Figure 2. Numerical and analytical solutions for Example 2 when k = 40, K = 500 and $\gamma =0.5$.

4. Conclusions

The fourth-order problems play a significant role in modern science and engineering and their solutions are need to be examined in order to understand the dynamical framework of plate-models of bridge slabs, floor systems, window glasses and airplane wings. The approximate solution of 4th-order EP with time-fractional CD has been accomplished using an SPST in this study. The time discretization has been done using the backward Euler formula.
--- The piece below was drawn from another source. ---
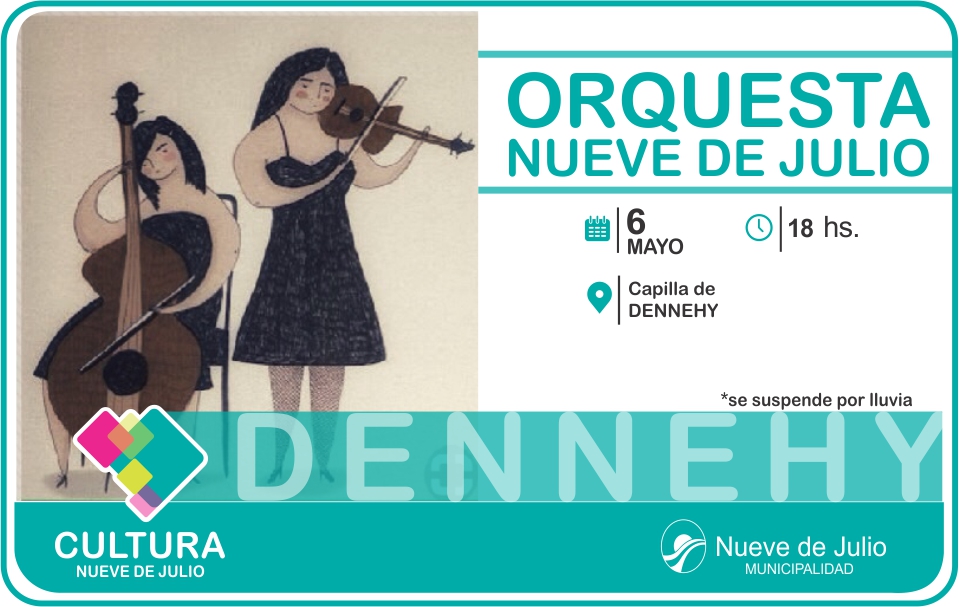 El domingo 6 de mayo, la Orquesta Nueve de Julio, realizará su presentación en la Capilla “Nuestra Señora del Carmen”, de la localidad de Dennehy, desde las 18 hs., en un especial concierto abierto a la comunidad en general.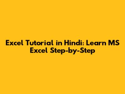Excel Tutorial In Hindi: Learn MS Excel Step-by-Step

Sextic spline approach has been utilized for spatial derivative discretization. The approximate solution converges to the analytical solution with order $O({\rho }^4+\mathrm{\Delta }{t}^{2-\gamma })$. Numerical test applications have been presented to show the accuracy of the sextic spline technique. The presented scheme has been found to provide highly accurate results. The efficacy of the proposed techniques has been established by calculating the error norms for the obtained results.